» Given information
────
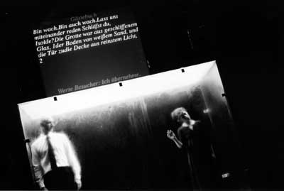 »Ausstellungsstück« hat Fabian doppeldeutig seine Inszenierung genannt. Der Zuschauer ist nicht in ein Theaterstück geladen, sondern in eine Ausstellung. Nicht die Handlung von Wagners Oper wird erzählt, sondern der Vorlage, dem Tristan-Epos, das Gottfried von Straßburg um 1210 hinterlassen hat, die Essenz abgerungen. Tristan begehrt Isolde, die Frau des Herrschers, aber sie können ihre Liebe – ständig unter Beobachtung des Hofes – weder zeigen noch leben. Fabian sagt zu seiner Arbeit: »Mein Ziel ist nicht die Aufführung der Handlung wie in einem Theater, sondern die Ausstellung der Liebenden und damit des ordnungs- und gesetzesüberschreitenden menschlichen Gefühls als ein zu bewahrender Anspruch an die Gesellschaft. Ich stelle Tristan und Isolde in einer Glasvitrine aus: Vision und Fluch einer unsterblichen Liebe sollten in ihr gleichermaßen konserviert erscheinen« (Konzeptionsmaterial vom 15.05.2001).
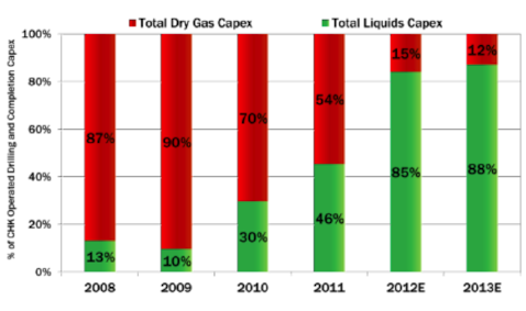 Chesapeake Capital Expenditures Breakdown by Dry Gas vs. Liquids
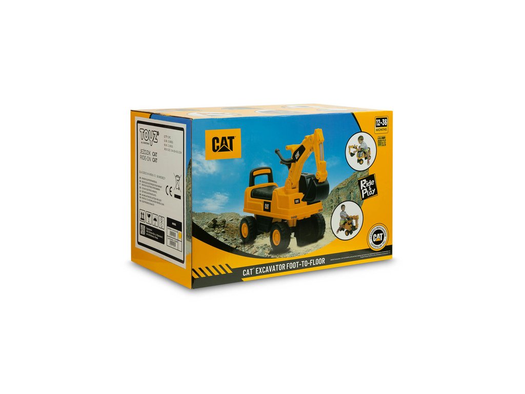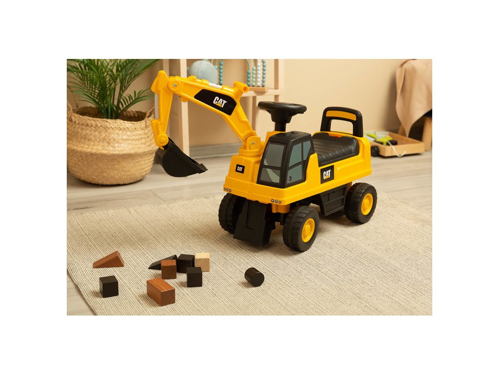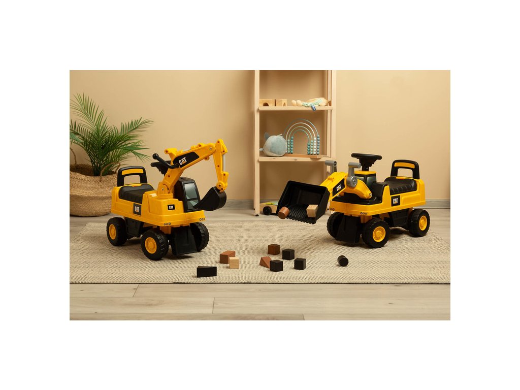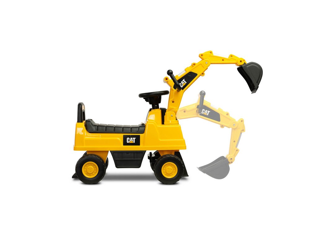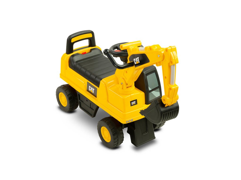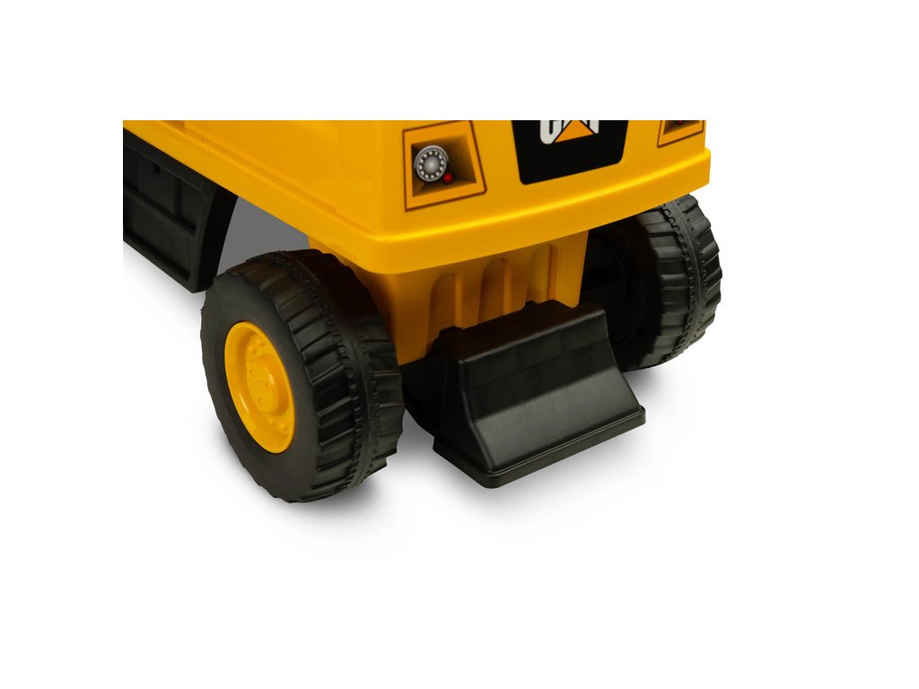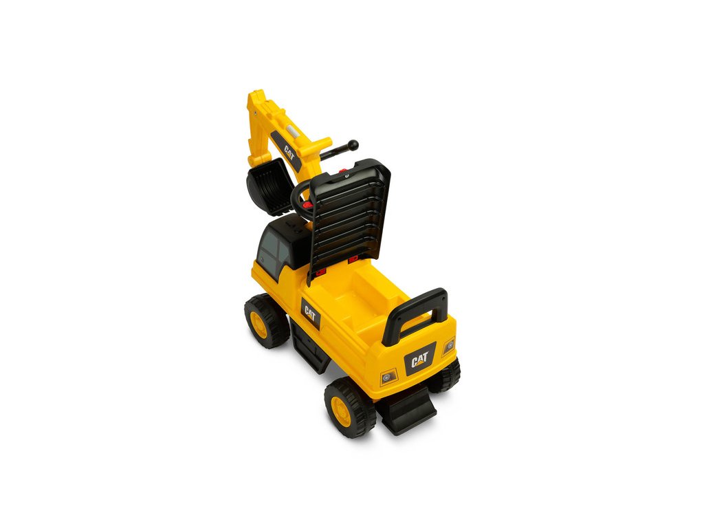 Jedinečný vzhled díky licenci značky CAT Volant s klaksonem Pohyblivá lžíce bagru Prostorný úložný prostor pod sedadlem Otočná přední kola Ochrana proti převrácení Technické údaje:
────
» The task
Reproduce the listing exactly, minus its pictures.

» Reply to the exercise
 »Ausstellungsstück« hat Fabian doppeldeutig seine Inszenierung genannt. Der Zuschauer ist nicht in ein Theaterstück geladen, sondern in eine Ausstellung. Nicht die Handlung von Wagners Oper wird erzählt, sondern der Vorlage, dem Tristan-Epos, das Gottfried von Straßburg um 1210 hinterlassen hat, die Essenz abgerungen. Tristan begehrt Isolde, die Frau des Herrschers, aber sie können ihre Liebe – ständig unter Beobachtung des Hofes – weder zeigen noch leben. Fabian sagt zu seiner Arbeit: »Mein Ziel ist nicht die Aufführung der Handlung wie in einem Theater, sondern die Ausstellung der Liebenden und damit des ordnungs- und gesetzesüberschreitenden menschlichen Gefühls als ein zu bewahrender Anspruch an die Gesellschaft. Ich stelle Tristan und Isolde in einer Glasvitrine aus: Vision und Fluch einer unsterblichen Liebe sollten in ihr gleichermaßen konserviert erscheinen« (Konzeptionsmaterial vom 15.05.2001).
 Chesapeake Capital Expenditures Breakdown by Dry Gas vs. Liquids
 Jedinečný vzhled díky licenci značky CAT Volant s klaksonem Pohyblivá lžíce bagru Prostorný úložný prostor pod sedadlem Otočná přední kola Ochrana proti převrácení Technické údaje:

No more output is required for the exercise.